United States District Court, S.D. New York
Feb 7, 2023
21-CV-10831 (PGG) (JW) (S.D.N.Y. Feb. 7, 2023)

Opinion

21-CV-10831 (PGG) (JW)

02-07-2023

TOMAS MAYOR, Plaintiff, v. MAHAMADOU S. SANKAREH and ATLANTIC COOLING TECHNOLOGIES & SERVICES, LLC, Defendants. ATLANTIC COOLING TECHNOLOGIES & SERVICES, LLC, Cross Claimant, v. MAHAMADOU S. SANKAREH, Cross Defendant.

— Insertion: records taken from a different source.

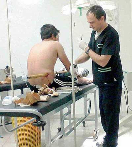 Người thợ ống nước sống tại thành phố Obera, tỉnh Misiones, Argentina này đã nhập viện trong tình trạng bị một ống sắt xuyên thủng bụng. Do không có bảo hiểm lao động nên anh Ramon không được điều trị ngay lập tức mà chỉ được giảm đau bằng aspirin.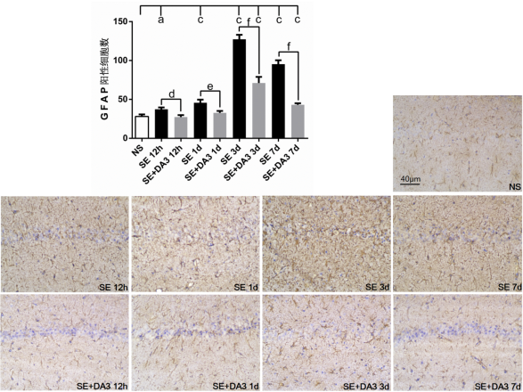 图3各组大鼠海马CA1区GFAP阳性细胞数及免疫组织化学图片(×200)
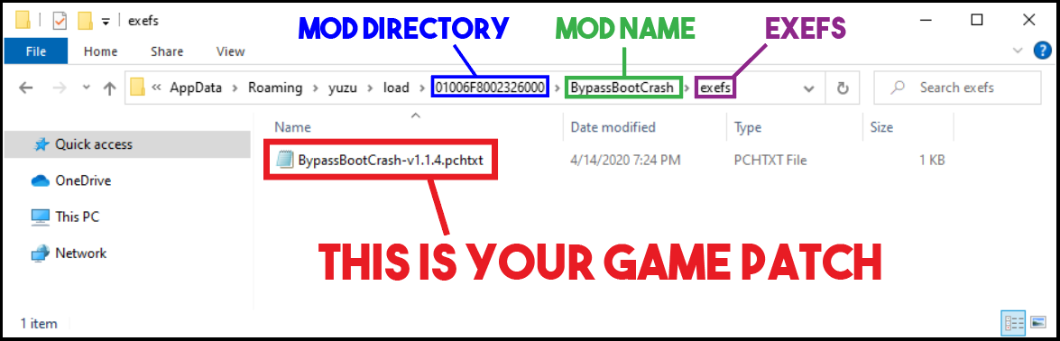 3.下载这款补丁,复制到《动物森友会》在Yuzu下的“mod”文件夹下。只有打了这个补丁才能度过启动崩溃。右键点击游戏列表中的《动物森友会》,点选“打开MOD数据文件夹”,然后把补丁复制到文件夹中,格式如图:

JENNIFER E. WILLIS, UNITED STATES MAGISTRATE JUDGE

REPORT & RECOMMENDATION

TO THE HONORABLE PAUL G. GARDEPHE, DISTRICT JUDGE:

This action was originally brought in the Supreme Court of the State of New York, County of Bronx. Following the commencement of the action, Defendant Atlantic Cooling Technologies & Services, LLC (“Defendant”)removed the case to the Southern District of New York. Dkt. No. 1. This motion to dismiss for lack of personal jurisdiction follows. Dkt. No. 19. It is my recommendation that the motion be GRANTED.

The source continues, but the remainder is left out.